= Edward Constant Séguin =

French-American neurologist

Edward Constant Séguin, MD (January 20, 1843 in Paris – February 19, 1898 in New York City) was an American neurologist and a founder of the American Neurological Association in 1875. He was a practitioner and professor at the College of Physicians and Surgeons in New York.

Séguin was the son of Édouard Séguin, a pioneer in the education of intellectually disabled children. Edward C. was born in Paris, France, and in 1850, due to political unrest in France, the family emigrated to the United States and settled in Cleveland, Ohio. Edward received his early education in Cleveland and Portsmouth. In 1861, the family moved to New York and he began medical studies at the College of Physicians and Surgeons. When the American Civil War began, Edward C. served as a dresser and medical cadet, resuming his studies at war's end. He received his medical degree in 1864 and he remained in the U.S. Army. From 1865 to 1867, he served as an intern at the New York Hospital. He suffered from a lung ailment and left the hospital. He re-entered the Army for a tour of duty and was stationed in New Mexico where he regained his health.

Séguin was in Paris from 1869 to 1870 to study diseases of the nervous system. He studied under Charles-Édouard Brown-Séquard and Jean-Martin Charcot. Upon his return to New York in 1870, he joined the practice of William Draper, a prominent physician to whom he introduced the practice of thermometry. The following year, Séguin was named to the Chair of Diseases of the Nervous System at the College of Physicians and Surgeons, and founded its neurological clinic. In 1876, he left the practice.

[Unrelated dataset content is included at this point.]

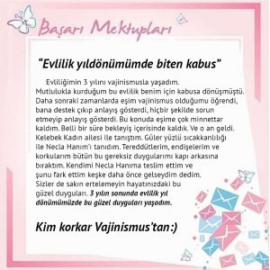 Evliliğimin 3 yılını vajinismusla yaşadım. Mutlulukla kurduğum bu evlilik benim için kabusa dönüşmüştü. Daha sonraki zamanlarda eşim vajinismus olduğumu öğrendi, bana destek çıkıp anlayış gösterdi, hiçbir şekilde sorun etmeyip anlayış gösterdi. Bu konuda eşime çok minnettar kaldım. Belli bir süre bekleyiş içerisinde kaldık. Ve o an geldi. Kelebek Kadın ailesi ile tanıştım. Güler yüzlü sıcakkanlılığı ile Necla Hanım’ı tanıdım. Tereddütlerim, endişelerim ve korkularım bütün bu gereksiz duygularımı kapı arkasına bıraktım. Kendimi Necla Hanıma teslim ettim ve şunu fark ettim keşke daha önce gelseydim dedim. Sizler de sakın ertelemeyin hayatınızdaki bu güzel duyguları. Ve 3 yılın sonunda evlilik yıl dönümümüzde bu güzel duyguları yaşadım. Şükürler olsun Rabbime ve daha sonra Ncela Hanım’a. Kim korkar vajinismustan. Çok çok çok teşekkür ederim Necla Hanım size..

Séguin published many papers on neurological subjects and on neurosis. A large collection of his lectures was published under the title of Opera Minora. In 1873, he helped Brown-Séquard edit the journal, Archives of Scientific and Practical Medicine, which lasted only a short time. In 1879, he helped to found the journal Archives of Medicine. He was active within the short-lived Association for the Protection of the Insane, an organization of neurologists and medical professionals with the goal of improving patient care in mental hospitals.

In 1882, his wife suffered a severe depression, and shot and killed their three children and herself. Following this tragedy, Séguin returned to Europe where he worked in neurology. When he returned to the United States, he spent a year in Providence, Rhode Island, and regularly visited his patients in New York. In 1885, he resumed his practice in New York but resigned his teaching position. He retired from medical practice in 1896.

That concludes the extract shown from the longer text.